Abstract

ABSTRACT The release of Emmanuel Levinas’s Prison Notebooks (Carnets de captivité) as a part of the first tome of his collected works has further illuminated the extent of the philosopher’s preoccupation with art, especially literature. Levinas’s own literary efforts have been well documented, but less attention has been paid to the relationship between the Prison Notebooks and Levinas’s early philosophy of art. In this article, I suggest that much of what Levinas has to say apropos art in his early philosophy can be traced back to meditations undertaken in captivity. I will unearth the influence of the Prison Notebooks in three articles from the 1940ʹs “L’autre dans Proust,” “La réalité et son ombre,” and “La transcendance des mots.” I argue that in Levinas’s early philosophy of art follows two distinct “paths”: the path of eros and the path of sensation.
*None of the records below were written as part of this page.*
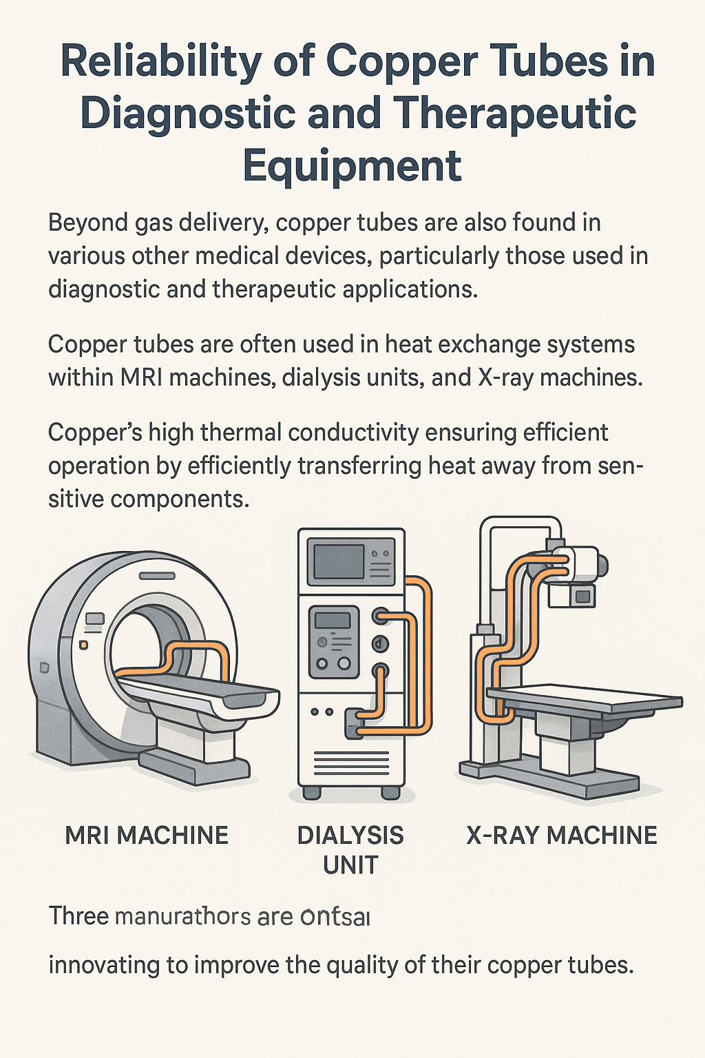 Ud over gaslevering findes kobberrør også i forskellige andre medicinske anordninger, især dem, der anvendes i diagnostiske og terapeutiske anvendelser . For eksempel bruges kobberrør ofte i varmevekslersystemer inden for medicinsk udstyr som MR-maskiner, dialyseenheder og røntgenapparater. Den høje varmeledningsevne af kobber sikrer, at disse maskiner fungerer effektivt og sikkert ved effektivt at overføre varme væk fra følsomme komponenter.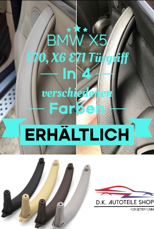 Deine BMW Türgriffe sehen mitgenommen aus? Diese Abdeckung macht sie wieder wie neu! Speziell für BMW X5 E70 (2006-2013) und X6 E71/E72 (2008-2014) - rechtsseitig für Linkslenker. Aus hochwertigem ABS-Material, langlebig und in Schwarz, Beige oder Carbon-Design erhältlich. Das beste: Einfach draufsnappen - kein Werkzeug nötig! Deckt abgenutzte, klebrige oder verkratzte Griffe perfekt ab und gibt dem Innenraum sofort ein aufgewertetes Look. Passt perfekt zu xDrive30i, xDrive48i, xDrive50i und vielen anderen Modellen. Einfach den alten Griff nicht mehr ansehen müssen - diese Abdeckung verleiht deinem BMW sofort mehr Wertigkeit. Und das beste: Sie unterscheidet nicht zwischen vorderen und hinteren Türen - einfach überziehen und fertig! Perfekt für alle BMW-Fans, die ihr Fahrzeug innen wie neu aussehen lassen wollen.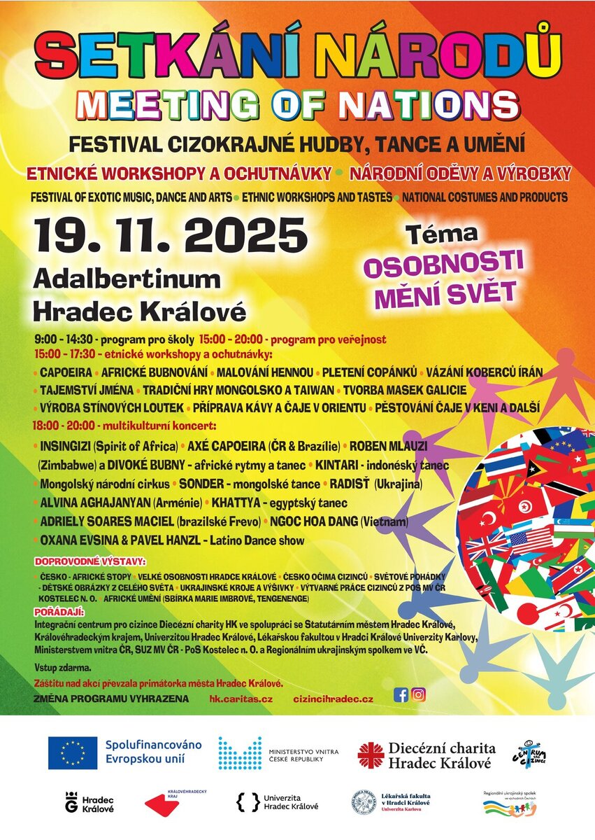 Na letošním Setkání národů, kterým ožije hradecké Adalbertinum ve středu 19. listopadu 2025 od 9 do 20 hod. (Čs. armády 300, Velký sál), se mohou návštěvníci seznámit s kulturou více než dvaceti zemí čtyř kontinentů a také jejich osobnostmi. 12. ročník festivalu nabídne i nové etnické workshopy a ochutnávky, ukázky národních oděvů a výrobků, koncert a výstavy. Hlavní téma „Osobnosti mění svět“ bude rezonovat celým programem pro školy i pro veřejnost. Akci pořádá Integrační centrum pro cizince hradecké Diecézní charity spolu s partnery pod záštitou primátorky města Hradec Králové.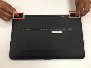 Сдвиньте два фиксатора батареи на задней части устройства в положение «открыто».
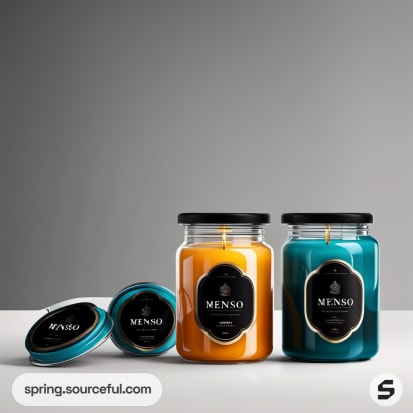 Two large square glass candles with black labels, alongside a smaller candle with a teal lid.

On one hand, Levinas questions how and if literature can do justice to the question of alterity, whereas on the other he seeks to make sense of the relationship between art and sensibility. I argue that in his notebooks Levinas offers an account of the meaning of sensations that forms the basis of his early aesthetics. Thus, the study of the Prison Notebooks is important as it allows us to see how Levinas’s early philosophy of art, including his seminal “La réalité et son ombre,” functions as a continuation of a philosophical project already begun during his time in captivity.